This ropes course is at a camp on a lake, so it's windy. Really windy at 40 feet high. More than you might expect. From the ground, I could see the poles sway a little in the wind, kinda like the traffic lights do when it's windy. So I knew it was real, and really came to grips with that reality at the top of the course. One of the challenges had you walk across a log with nothing to hold onto, and the other asked you to walk on a wire with a rope to hold onto. Both, to me, are intensely scary looking. But I ended up doing both. And I loved it. (granted, I didn't do the "leap of faith" that required you to stand on this little bitty pole way up in the air and not hold on to anything. no thanks). For the two I did, it stretched me, and it felt great.

I hope that will set the course for this year. Growing, and getting out of my comfort zone to discover the great things that God has for me, even if they look really scary at first. Most of the time, I feel, it's kinda like the ladder problem. For me, the hardest part of the ropes was climbing the ladder (granted, when I got to the top and the wind almost knocked me off, that was intimidating too). Often getting the momentum and jumping into something is the hardest thing to do. But once you get going, you realize, maybe it's not so bad as I expected. Hard, yeah. Scary, sometimes. But worrying about it, and building up that anticipation with fear keeps me from experiencing the life and plans God has for me sometimes.

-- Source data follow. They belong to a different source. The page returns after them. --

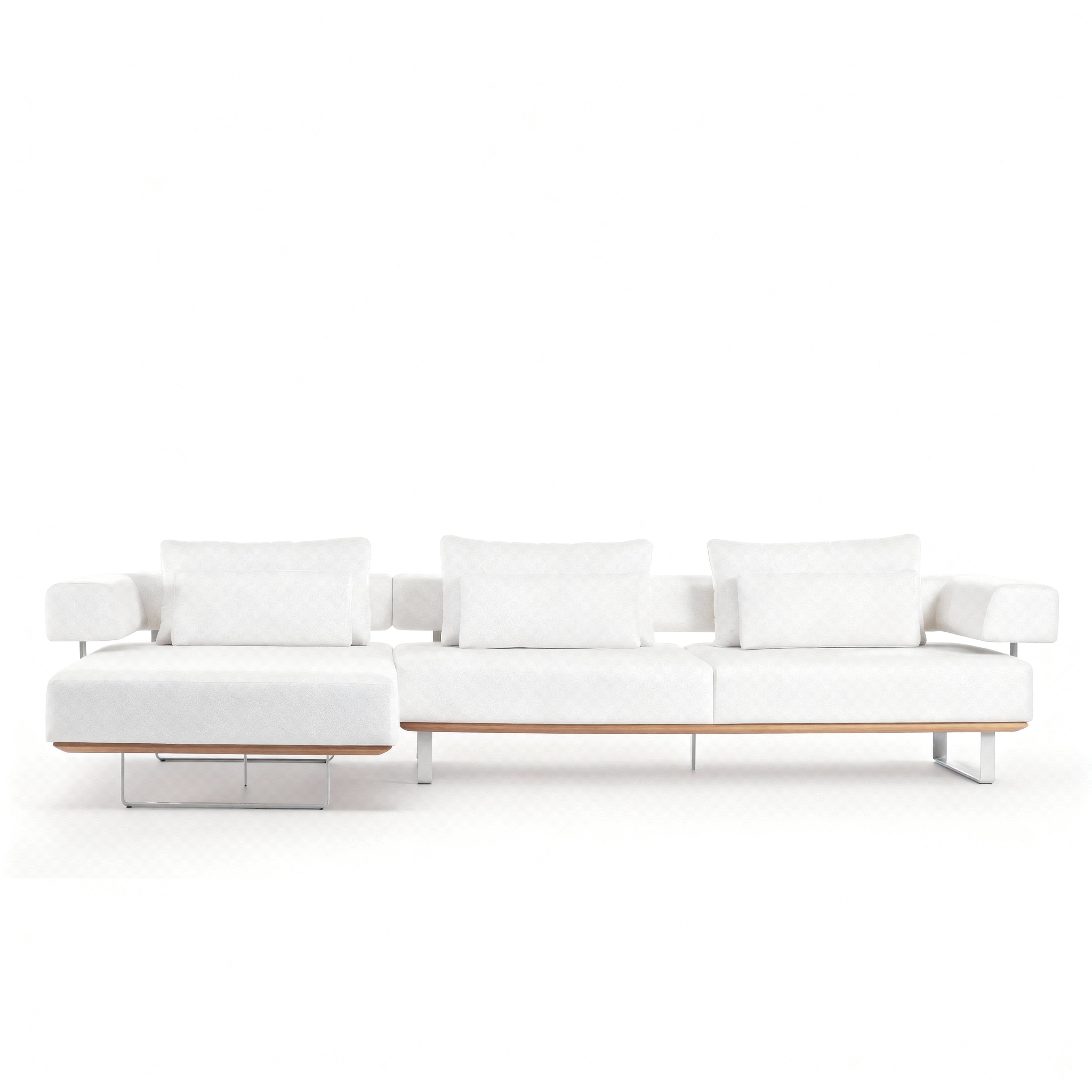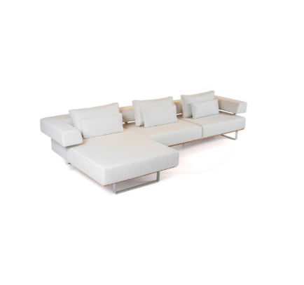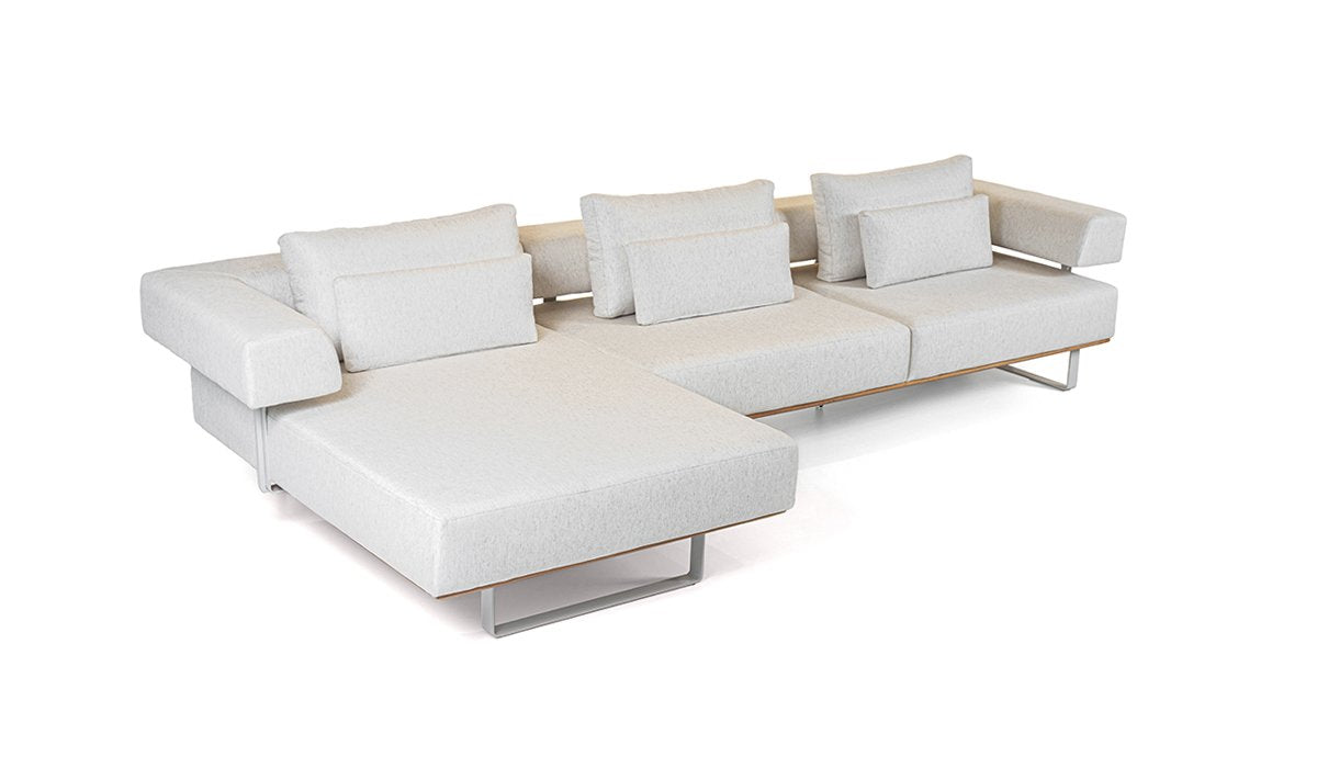 Madeira de eucalipto tratada | assento percintas elásticas, espuma D-28 soft com camada D-18 soft e manta acrílica | encosto almofada solta em manta siliconada | pés em alumínio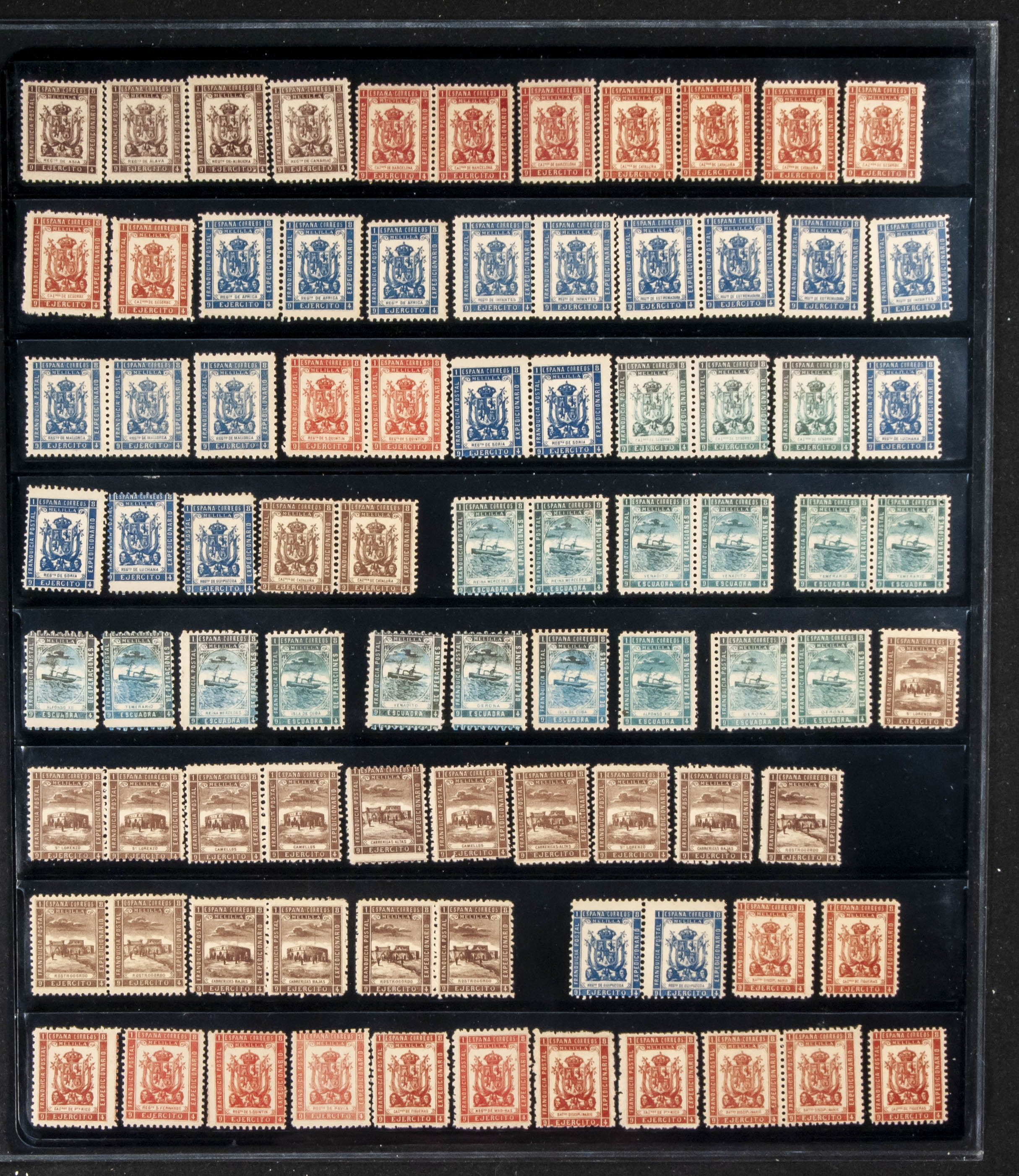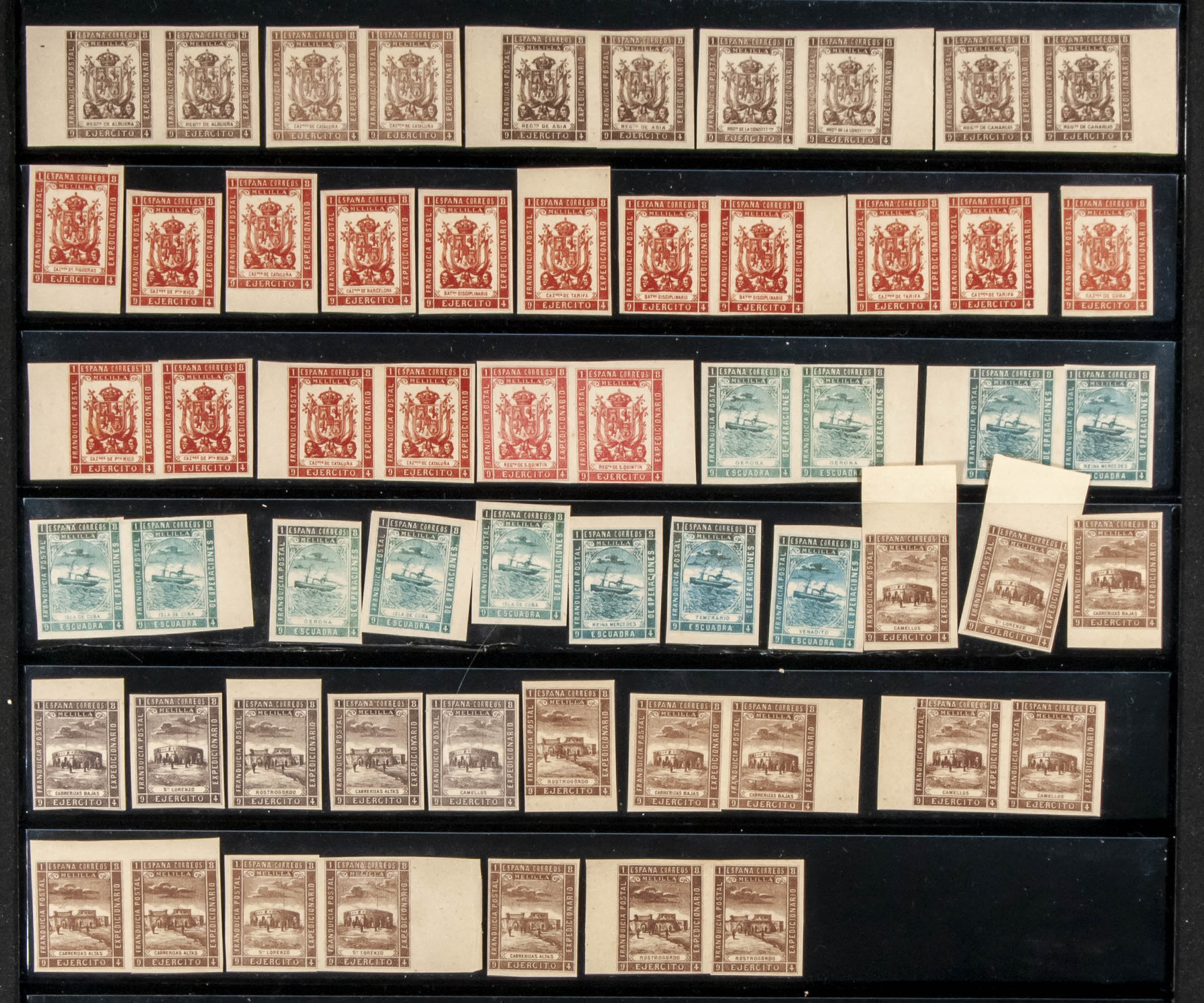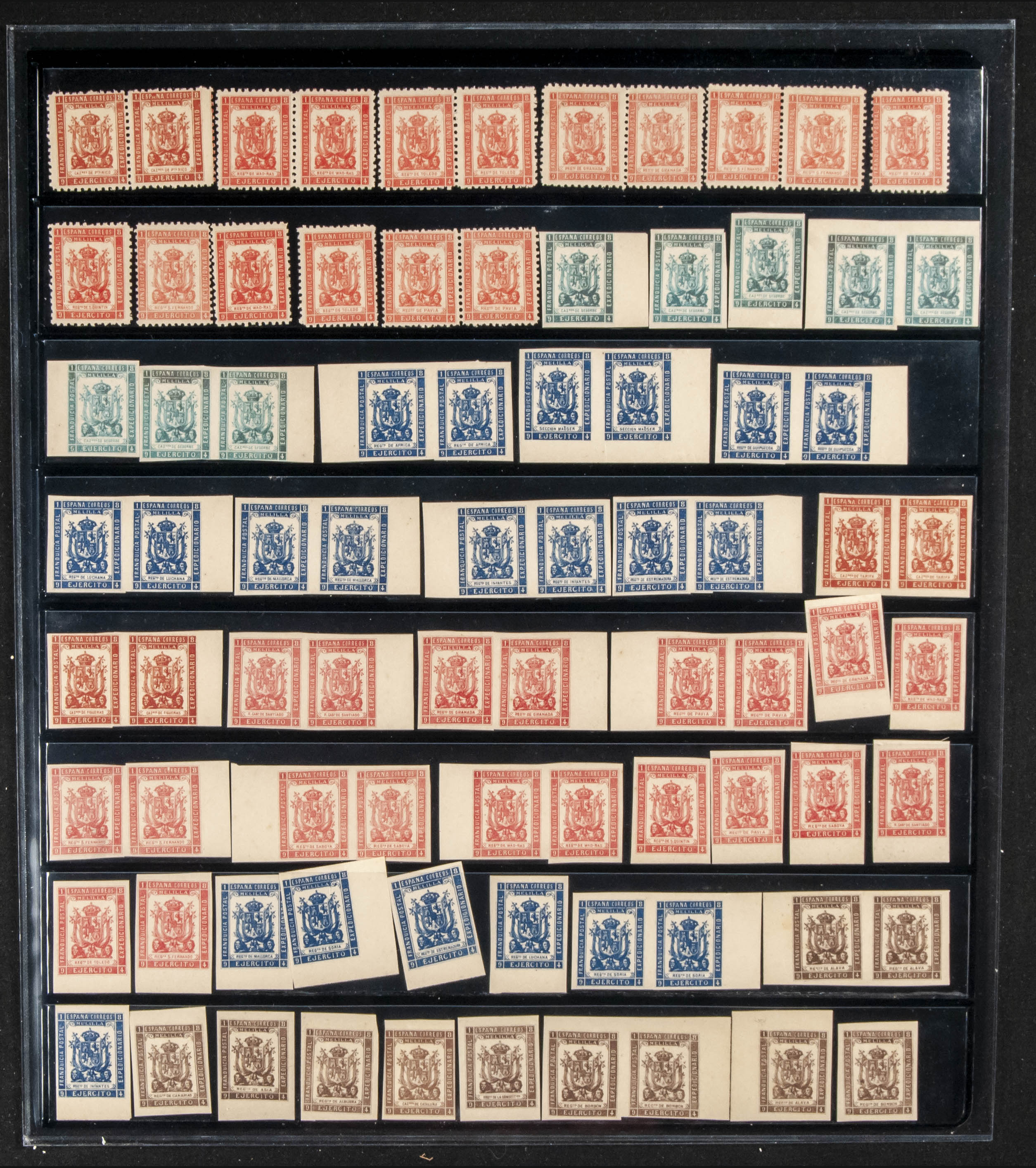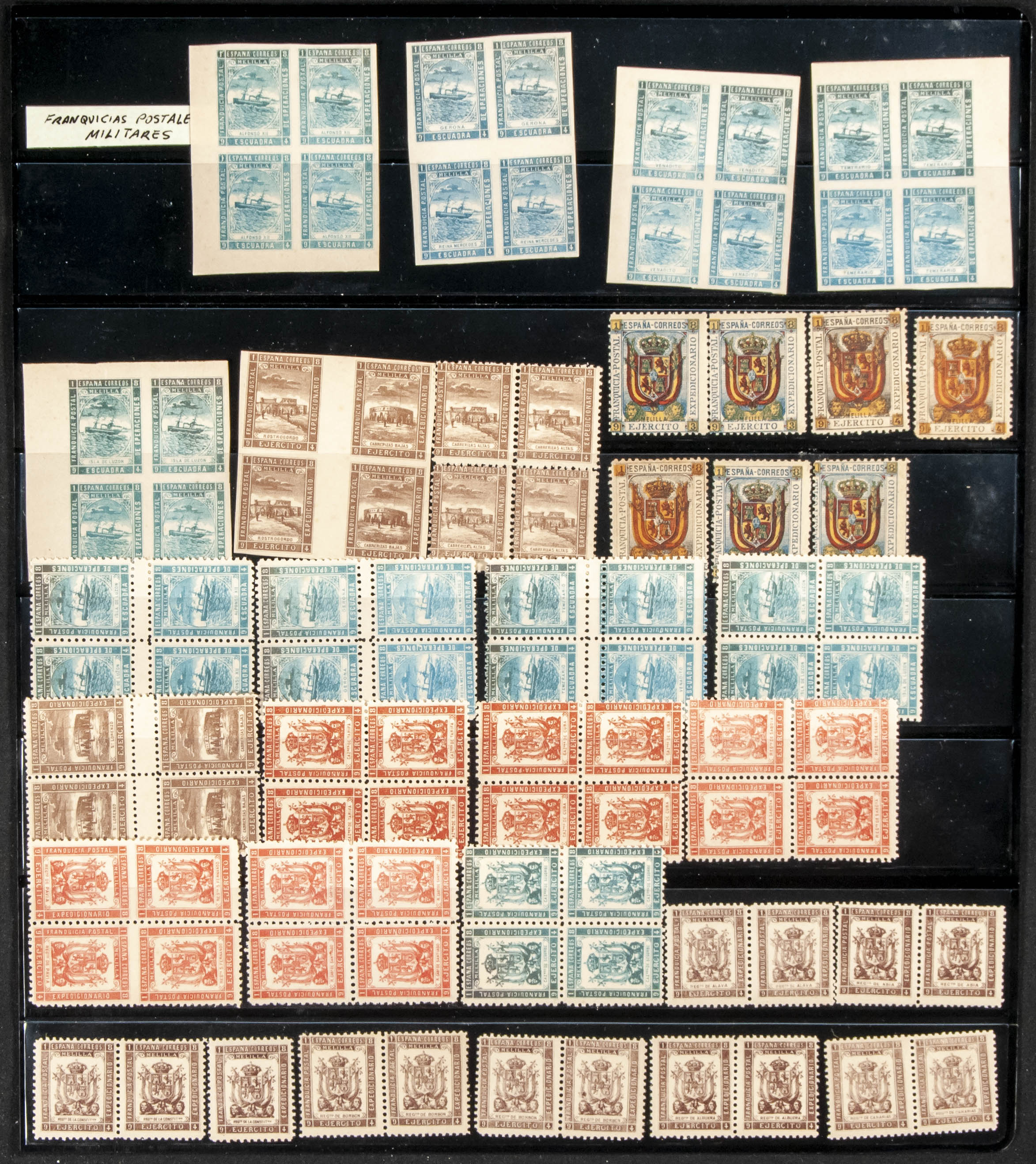★/(★)(1893ca). Conjunto de series completas y algún sello suelto, dentados y sin dentar, de Franquicias Militares entre 1893 y 1894, en nuevo. MAGNIFICAS.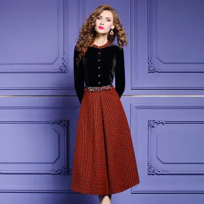 【断码清仓】连衣裙撞色复古收腰过膝中长格子裙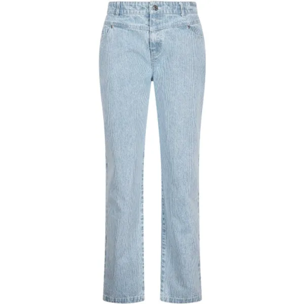 * 5-pocketmodel * Spijkerstof met klein blauw/wit streeppatroon * Voor- en achterpas voor mooie vorm * Branded jeans knoopsluiting met rits * Branded rivet op alle zakken * Strass rivet op voorzakken * Geborduurd artwork op de tailleband aan de achterkant * Riemlussen bij tailleband 99% cotton 1% elastan
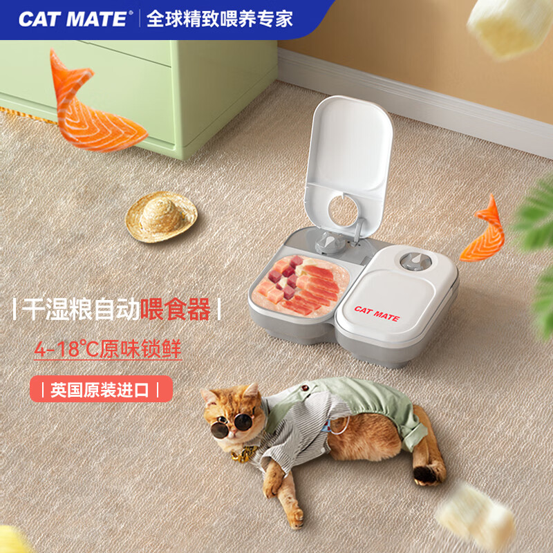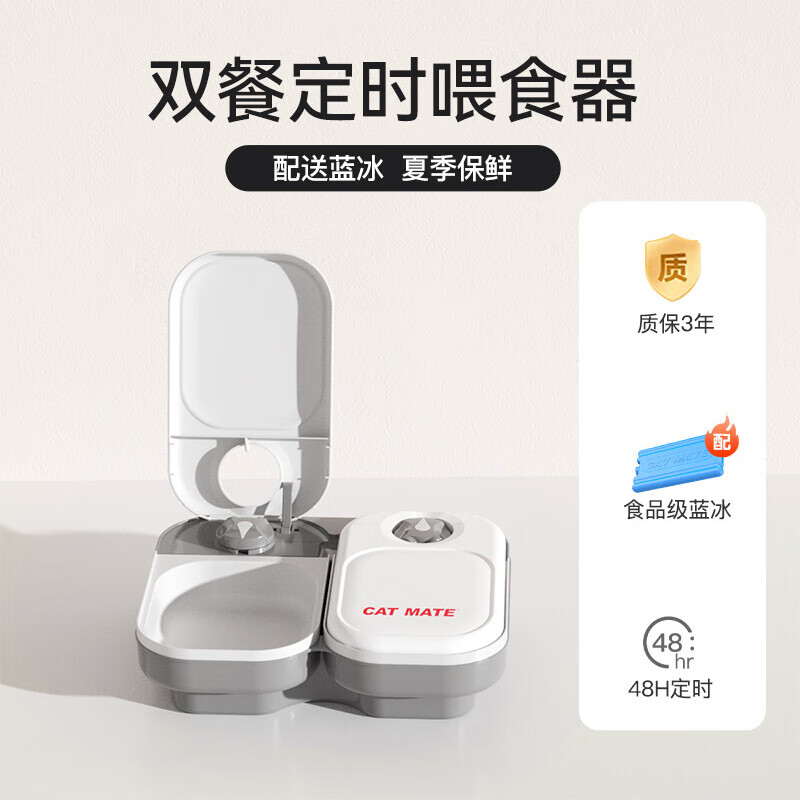 Catmate宠物自动鲜粮喂食器猫碗401CN 猫咪狗狗干湿粮罐头饭盒 蓝冰保鲜 适用2餐 猫狗通用 英国进口
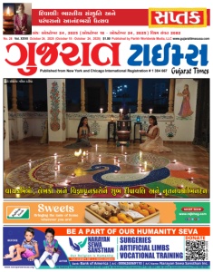 Published from New York and Chicago International Registration # 1 384 667 અંકઃ ઓક્ટોબર 24, 2025 (ઓક્ટોબર 18 - ઓક્ટોબર 24, 2025) િવક્રમ સંવત 2082 No. 26 Vol. XXVII October 24, 2025 (October 18 - October 24, 2025) $1.00 Published by Parikh Worldwide Media, LLC www.gujarattimesusa.com | SURGERIES | ARTIFICIAL LIMBS | VOCATIONAL TRAINING TAX-EXEMPT 501 C-3 ID#33-0928054 BE A PART OF OUR HUMANITY SEVA BEFORE AFTER A/C Name: Narayan Sewa Sansthan Inc. A/C : 000626069110 | Bank: Bank of America | SCAN QR CODE DONATE www.narayansevausa.org Mr Rashmi Gandhi (President) 626-327-4571 | Mr Mukesh Patel (Treasurer) 917-361-9944 | Mr Bharat Solanki (Secretary) 310-408-4926 દિવાળીઃ ભારતીય સંસ્કૃતિ અને પરંપરાન આનંદભરયો ઉત્વ વાચકમિત્રો, લેખક અને િવજ્ઞપનકાર ને શુભ દીપાવલિ અને નૂતનવર્ષાભિનંદન ફોટો સૌજન્યઃ નમિત કડીયા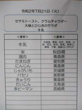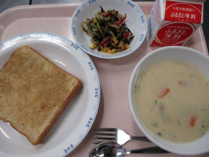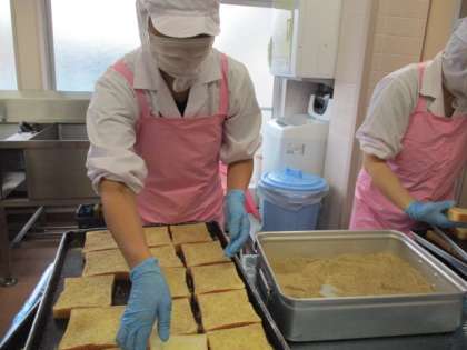 クラムチャウダーにはいっているあさりは不足しがちな鉄分を多くふくんでいる食べ物です。鉄分が不足すると、疲労感や頭痛をおこしてしまいます。鉄分はレバーや肉、大豆製品、海藻、緑黄色野菜に多くふくまれています。写真はセサミトーストをつくっているところです。
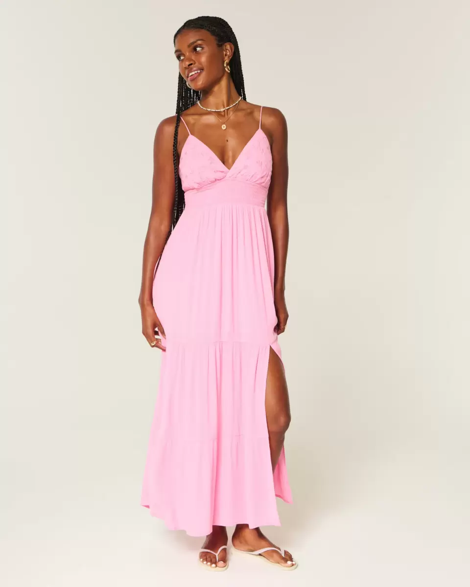 This pretty and super soft maxi-length dress features embroidered details at the bust. Split hem detail, adjustable straps, soft smocked waist. Imported.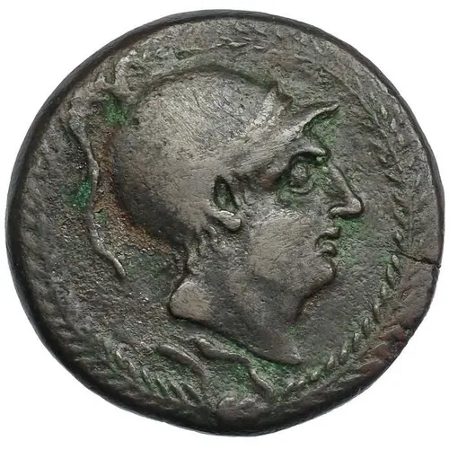 Beschrijving voorzijde Male head facing right, wearing helmet. Laurel wreath around.

So I encourage you: whatever your ladder is, whatever fear or habit or issue is holding you back or dictating your life, maybe it's time to jump into whatever is beyond it. I think of Hebrews 1:1-2 as it says "Therefore, since we are surrounded by such a great cloud of witnesses, let us throw off everything that hinders and the sin that so easily entangles, and let us run with perseverance the race marked out for us. Let us fix our eyes on Jesus, the author and perfecter of our faith".

This new year, particularly, I've been thinking about being refreshed, and renewed by God, but this is true for anytime. It's time to stop setting my standards to be like everyone else, and let God change me into ME. I want to be who He created me to me, not anyone else.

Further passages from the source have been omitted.